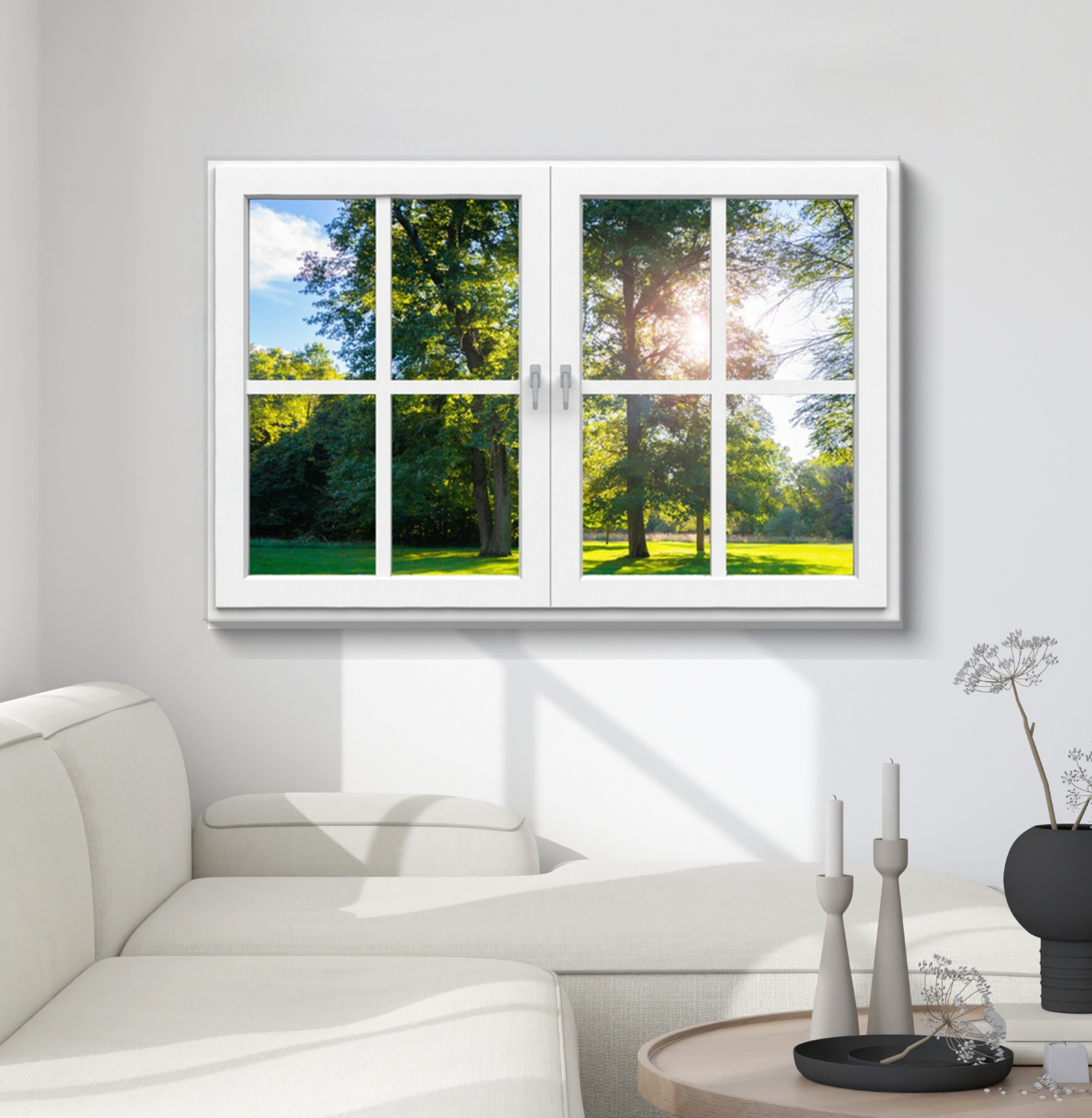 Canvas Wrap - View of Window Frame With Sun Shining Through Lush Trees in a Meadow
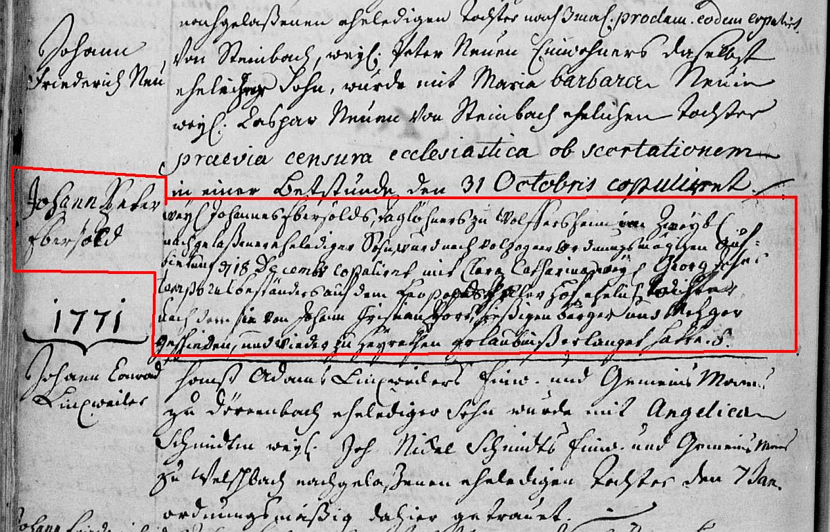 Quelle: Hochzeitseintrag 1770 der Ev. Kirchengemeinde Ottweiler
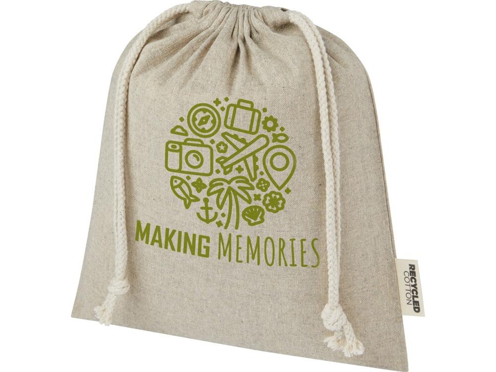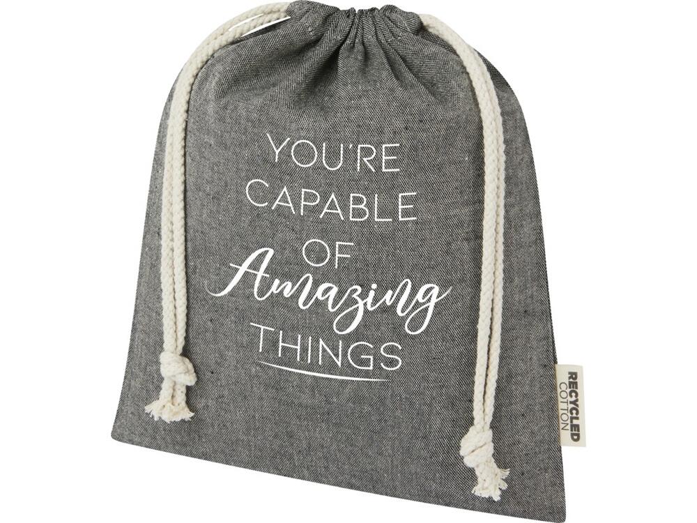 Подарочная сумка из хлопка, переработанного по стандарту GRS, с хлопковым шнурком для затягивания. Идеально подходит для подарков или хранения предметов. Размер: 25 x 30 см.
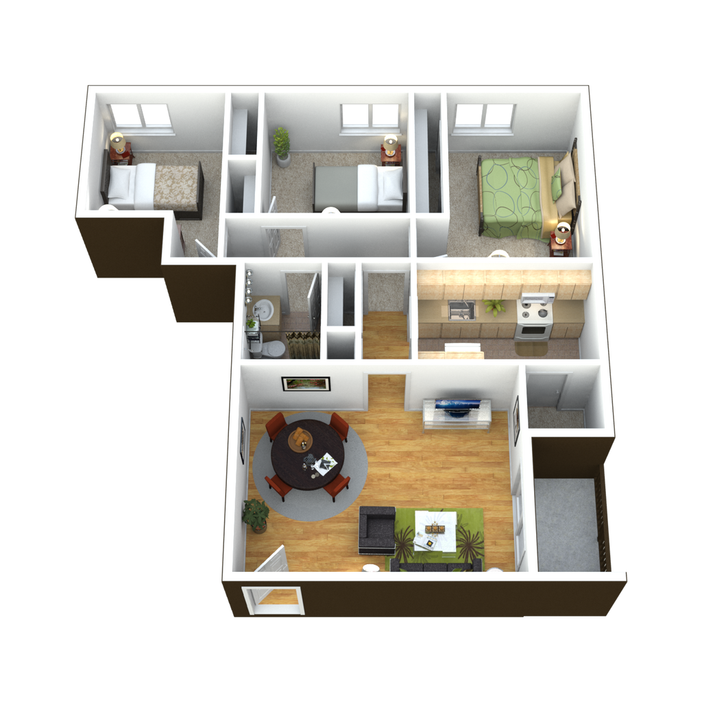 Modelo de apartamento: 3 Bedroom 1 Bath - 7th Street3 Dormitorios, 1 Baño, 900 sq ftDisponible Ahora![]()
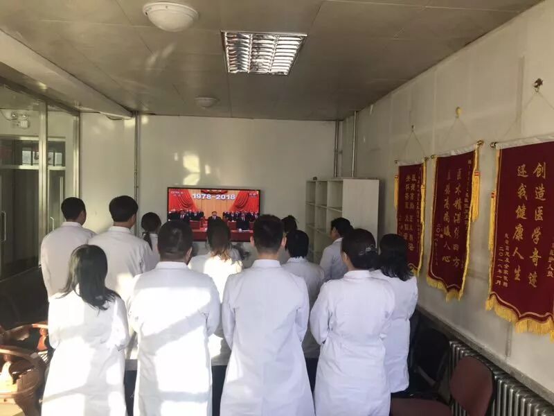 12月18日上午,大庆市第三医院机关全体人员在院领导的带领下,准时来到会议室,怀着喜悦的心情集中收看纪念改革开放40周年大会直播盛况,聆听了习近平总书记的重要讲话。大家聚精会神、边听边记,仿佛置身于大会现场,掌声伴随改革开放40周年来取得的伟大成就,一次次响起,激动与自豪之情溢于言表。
...
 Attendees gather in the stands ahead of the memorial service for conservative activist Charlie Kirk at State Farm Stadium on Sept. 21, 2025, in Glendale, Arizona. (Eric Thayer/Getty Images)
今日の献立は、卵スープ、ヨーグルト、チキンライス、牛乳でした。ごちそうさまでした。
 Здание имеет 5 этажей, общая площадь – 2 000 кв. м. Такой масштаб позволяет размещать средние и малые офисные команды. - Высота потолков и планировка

● Exercise details
Now transcribe the lines above exactly, starting at the line containing "Quelle: Hochzeitseintrag 1770" and ending at the line containing "12月18日上午,大庆市第三", both lines included, pictures excluded.

● Solution below
 Quelle: Hochzeitseintrag 1770 der Ev. Kirchengemeinde Ottweiler
 Подарочная сумка из хлопка, переработанного по стандарту GRS, с хлопковым шнурком для затягивания. Идеально подходит для подарков или хранения предметов. Размер: 25 x 30 см.
 Modelo de apartamento: 3 Bedroom 1 Bath - 7th Street3 Dormitorios, 1 Baño, 900 sq ftDisponible Ahora![]()
 12月18日上午,大庆市第三医院机关全体人员在院领导的带领下,准时来到会议室,怀着喜悦的心情集中收看纪念改革开放40周年大会直播盛况,聆听了习近平总书记的重要讲话。大家聚精会神、边听边记,仿佛置身于大会现场,掌声伴随改革开放40周年来取得的伟大成就,一次次响起,激动与自豪之情溢于言表。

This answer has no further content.